The present invention relates generally to electrical antennas and in particular to an antenna generating an efficient and uniform electromagnetic field for plasma generation and the like.
High frequency electrical fields for the generation of plasma may make use of a conductive coil (“field applicator”) driven by an AC current oscillating in the megahertz to gigahertz range. A gas within the coil receives energy from the coil through inductive coupling exciting the gas into a plasma state.
Such inductive coupling techniques for generating plasma have a number of significant problems. First, normally the conductive coil must have multiple “turns” and each turn exhibits a mutual capacitance with adjacent turns of the loop creating field (and hence plasma) manifest as of nonuniform plasma ion speeds, trajectories and densities. Non-uniformities in the plasma may adversely affect applications were uniform plasma is required (for example, for etching in the integrated circuit industry) and may waste energy on undesired plasma processes. The mutual capacitance also limits the voltage that may be applied to the conductive coil without dielectric breakdown between the turns of the coil.
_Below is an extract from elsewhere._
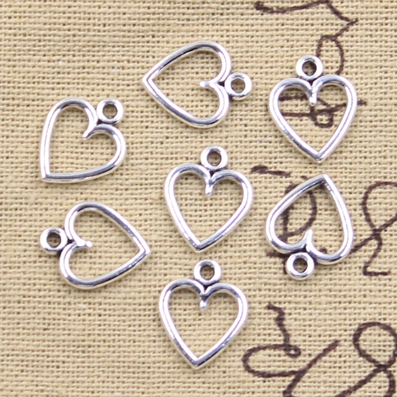 Oco Adorável Encantos De Coração, Pingentes De Cor Prata Antigos, Fazer Jóias DIY, Encontrar Tibetano Artesanal, 14x11mm, 50Pcs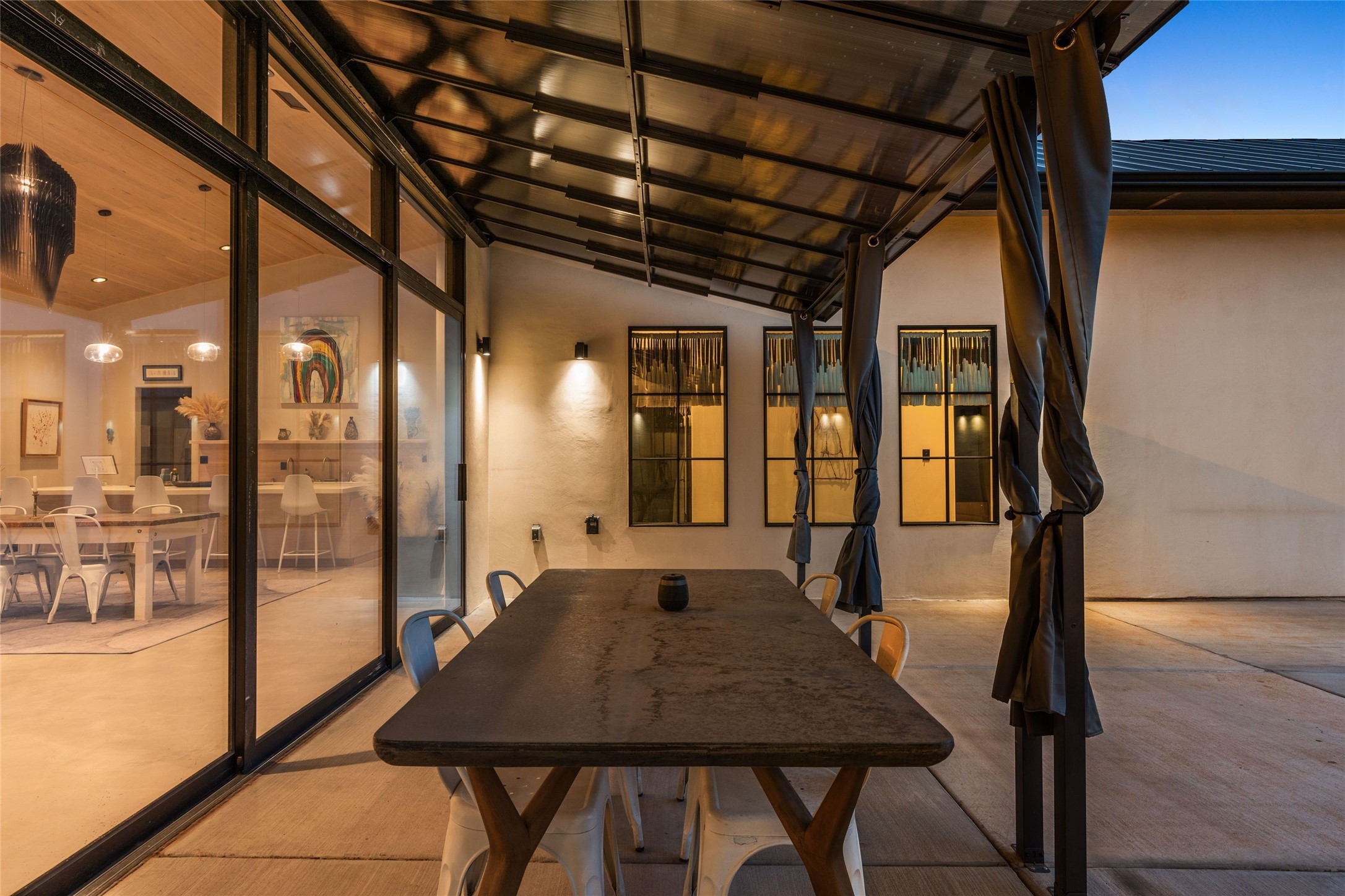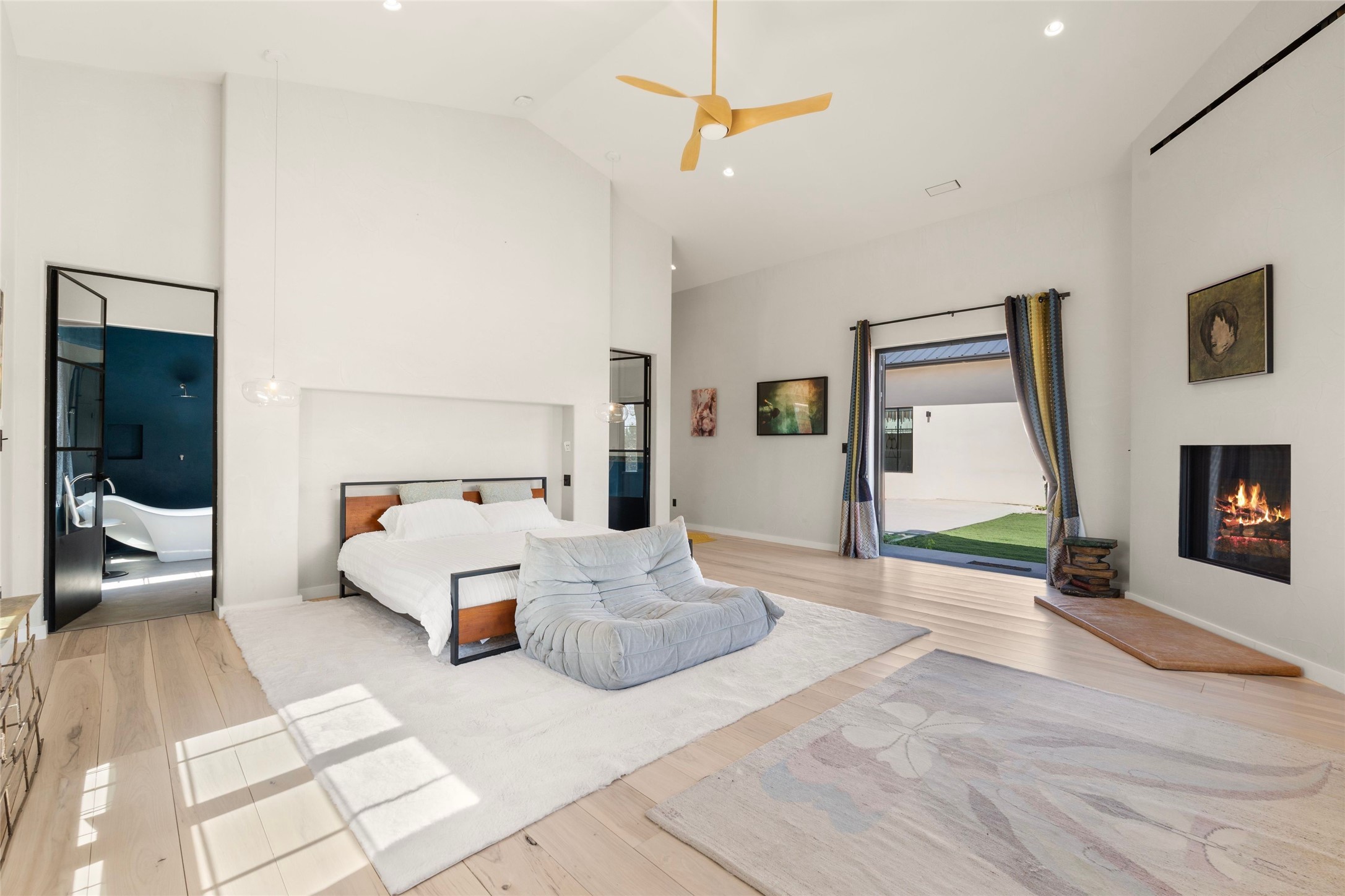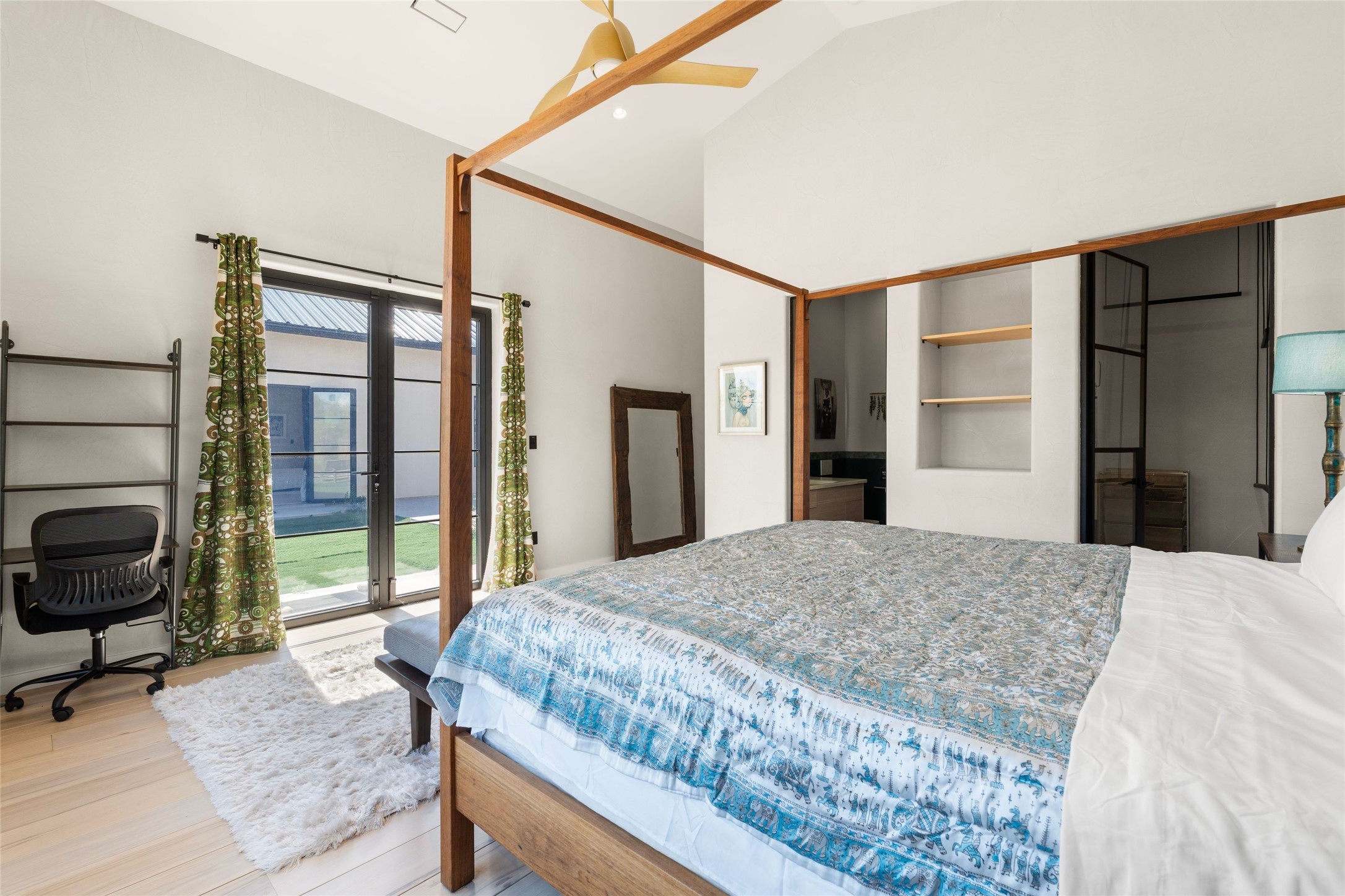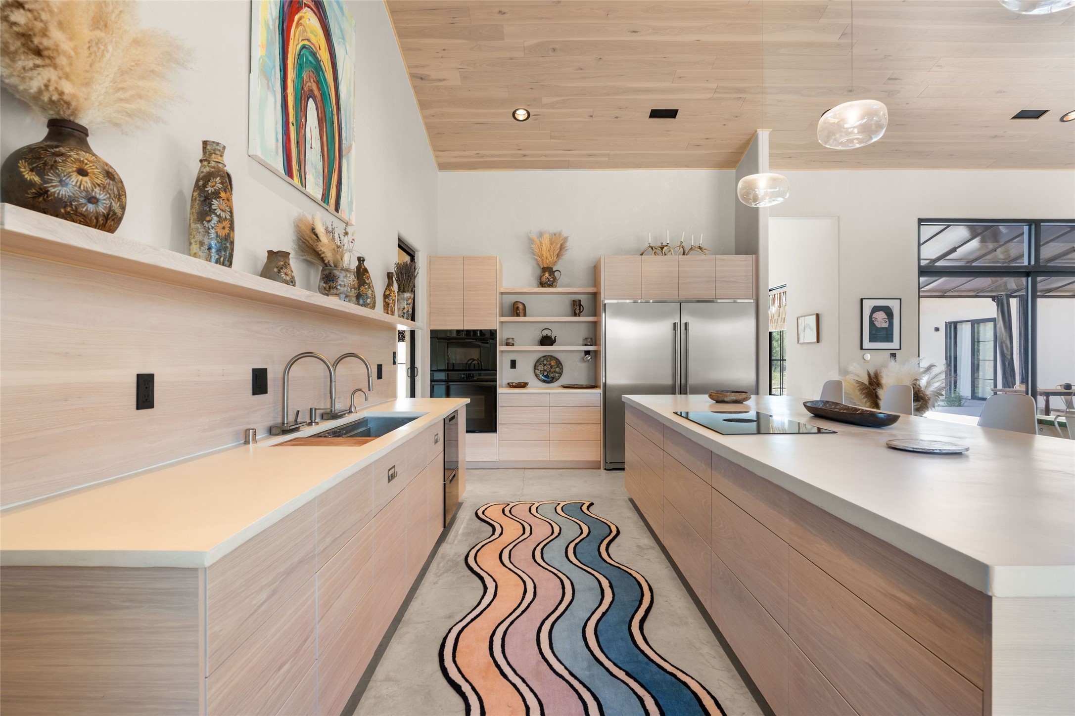 Desirable East Corrales 4-bedroom 3-bath residence on 2 acres with breathtaking Sandia Mountain views. Built in 2023, this home offers a blend of contemporary design and thoughtfully curated finishes with high ceilings, hickory wood and polished concrete floors perfect for artists and art collectors alike. Single level; no interior steps. As you enter, you are greeted by a spacious foyer that flows into an expansive living area with a fireplace and slider doors that bring the outdoors inside and create an expanded space for hosting gatherings or enjoying peaceful evenings under the stars. The gourmet kitchen is appointed with an oversized island, high-end appliances and a generous butler pantry, with wine fridge. Additional practical features include a laundry room with dog wash area, and separate mudroom. Retreat to the private primary suite, with stunning mountain views, a whimsical en-suite bath and expansive walk-in closet. Across the central courtyard, is a second primary bedroom with en-suite and walk-in closet. The third bedroom or bunkhouse offers a charming space for family and friends. The fourth bedroom provides versatile light-filled spot for a studio or office. Drive-through 3-car garage and picturesque backyard watermill, which could be adapted for power generation. Surrounded by mature Colorado ponderosa pines, this tranquil setting is a blank canvas, ready for your imagination to take flight--build your dream garden, luxurious outdoor living space, or bring your horses, as they are welcome here! Located just minutes from historic Corrales Main Street and with easy access to the Corrales Bosque Preserve's miles of trails.

Second, the large amount of electrical power and hence large amounts of electrical current required to pass through the conductive coil produce significant resistive heating requiring complicated or bulky cooling structures. The use of highly conductive materials, such as copper, can reduce resistive losses, but the use of copper and similar metals is complicated by the susceptibility of such highly conductive materials to corrosion and melting in the harsh environment of the plasma.
Third, efficient driving of the conductive loop requires that the loop be part of a resonant structure implemented by placing a tuning capacitor into the coil circuit. Capacitors suitable for this purpose are expensive and bulky.